Dans un mois, le stade Chaban-Delmas, anciennement parc Lescure, fêtera ses cent ans. Alain Giresse, "Le petit prince de Lescure", évidemment, mais aussi Zinédine Zidane ou Yoann Gourcuff. Au fil des générations, les footballeurs des Girondins de Bordeaux ont marqué de leur empreinte cette enceinte de 34 000 places. Dans l’aussi long que mythique couloir blanc menant à la pelouse, beaucoup de photos sont liées au ballon rond. Mais quelques clichés de ballon ovale commencent à se faire leur place. Il faut dire que depuis une dizaine d’années, le rugby est devenu maître des lieux.

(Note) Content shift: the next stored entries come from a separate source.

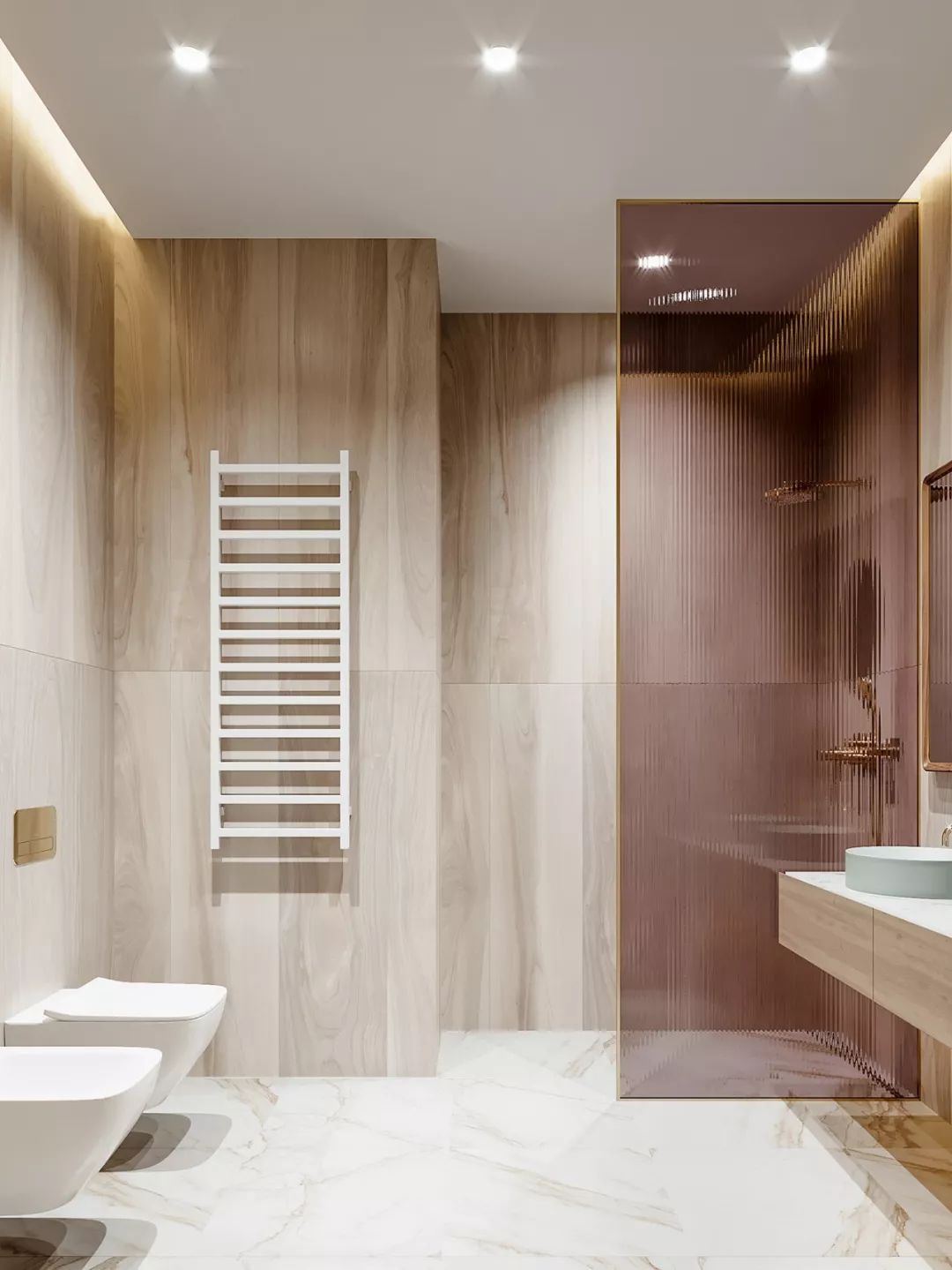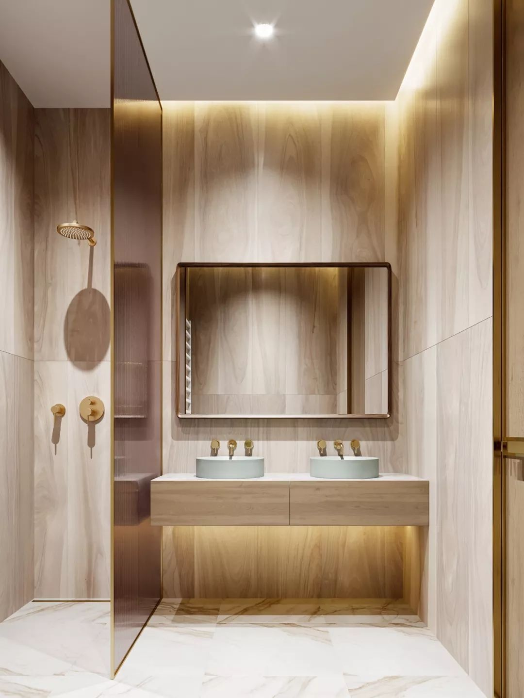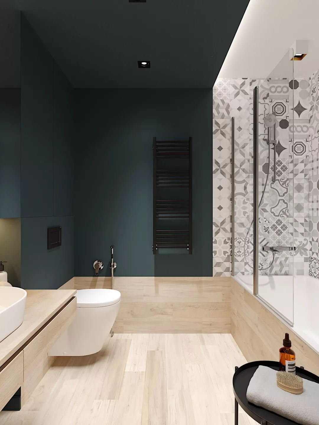 也可以采用淋浴屏+內(nèi)嵌浴缸的形式,這樣泡澡、淋浴兩不誤,而且不用單獨做干濕分區(qū)。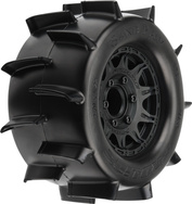 Kompletné kolesá Pro-Line pre RC modely áut 1:10. Rozmer ?131x67 mm. Disk Raid má čiernu farbu. Pádlové pneumatiky Sand Paw 2.8" MT, tvrdosť zmesi Z3 (stredná). Unášač je šesťhran 12 mm.
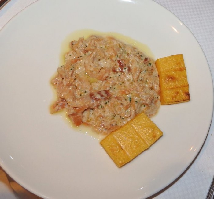 Per iniziare ad essere soddisfatto anch’io ordino la carne cruda di puledro, scandalizzando chi è con me, anche se una volta assaggiata non può non dire che è morbidissima e saporitissima. C’è chi ordina invece la Polenta Brustolà (abbrustolita) con salumi locali e giardiniera e anche qui siamo nella concretezza estremamente saporita.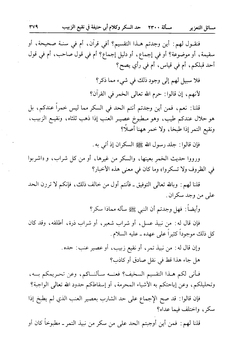 فَنَقُولُ لَهُمْ: أَيْنَ وَجَدْتُمْ هَذَا التَّقْسِيمَ؟ أَفِي قُرْآنٍ، أُمّ فِي سُنَّةٍ صَحِيحَةٍ، أَوْ سَقِيمَةٍ، أَوْ مَوْضُوعَةٍ؟ أَوْ فِي إجْمَاعٍ، أَوْ دَلِيلِ إجْمَاعٍ؟ أَمْ فِي قَوْلِ صَاحِبٍ، أَمْ فِي قَوْلِ أَحَدٍ قَبْلَكُمْ، أَمْ فِي قِيَاسٍ، أَمْ فِي رَأْيِ يَصِحُّ؟ فَلَا سَبِيلَ لَهُمْ إلَى وُجُودِ ذَلِكَ فِي شَيْءٍ مِمَّا ذُكِرَ؟ ؛ لِأَنَّهُمْ، إنْ قَالُوا: حَرَّمَ اللَّهُ تَعَالَى الْخَمْرَ فِي الْقُرْآنِ؟ قُلْنَا: نَعَمْ، فَمِنْ أَيْنَ وَجَدْتُمْ أَنْتُمْ الْحَدَّ فِي السُّكْرِ مِمَّا لَيْسَ خَمْرًا عِنْدَكُمْ، بَلْ هُوَ حَلَالٌ عِنْدَكُمْ طَيِّبٌ، وَهُوَ مَطْبُوخُ عَصِيرِ الْعِنَبِ إذَا ذَهَبَ ثُلُثَاهُ، وَنَقِيعُ الزَّبِيبِ، وَنَقِيعُ التَّمْرِ إذَا طُبِخَا، وَلَا خَمْرَ هَاهُنَا أَصْلًا؟ فَإِنْ قَالُوا: «جَلَدَ رَسُولُ اللَّهِ - صَلَّى اللَّهُ عَلَيْهِ وَسَلَّمَ - السَّكْرَانَ إذْ أُتِيَ بِهِ» .

À l’été 2011, pour sa première réception dans l’élite, l’Union Bordeaux-Bègles a délaissé son stade André-Moga de Bègles et a accueilli Bayonne à Chaban-Delmas. "Lors de la saison 2009-2010, un UBB-SUA avait eu lieu à Chaban, rappelle Vincent Etcheto, sourire aux lèvres pour évoquer cette époque. Je venais d’arriver et je trouvais que c’était un peu tôt, mais Laurent Marti avait des idées pour le futur. Il a été visionnaire en voulant remplir ce stade." Cette rencontre sera le record d’affluence en Pro D2 durant un an, avant que le Lou ne le batte avec une délocalisation à Gerland. Mais revenons à ce Bordeaux-Bayonne où 20 000 supporters ont garni les travées de Chaban. "Cela avait été grandiose car on sentait un soutien inconditionnel à Moga mais c’était, 5 000, 6 000 personnes. On trouvait ça fou d’aller à Chaban, on ne sentait pas les Bordelais prêts à être investis sur le rugby. Cela a été un pari réussi car l’engouement de la montée a permis de soulever les foules. Les gens ont été curieux et derrière on voit ce que ça a produit", se remémore Julien Seron, désormais entraîneur du RCN et en pleine préparation de l’acte deux de Classic’Aude. "Si on pense à notre premier match de Pro D2 l’année précédente, Moga n’était pas plein", se remémore Gerard Fraser, l’actuel entraîneur des arrières bayonnais.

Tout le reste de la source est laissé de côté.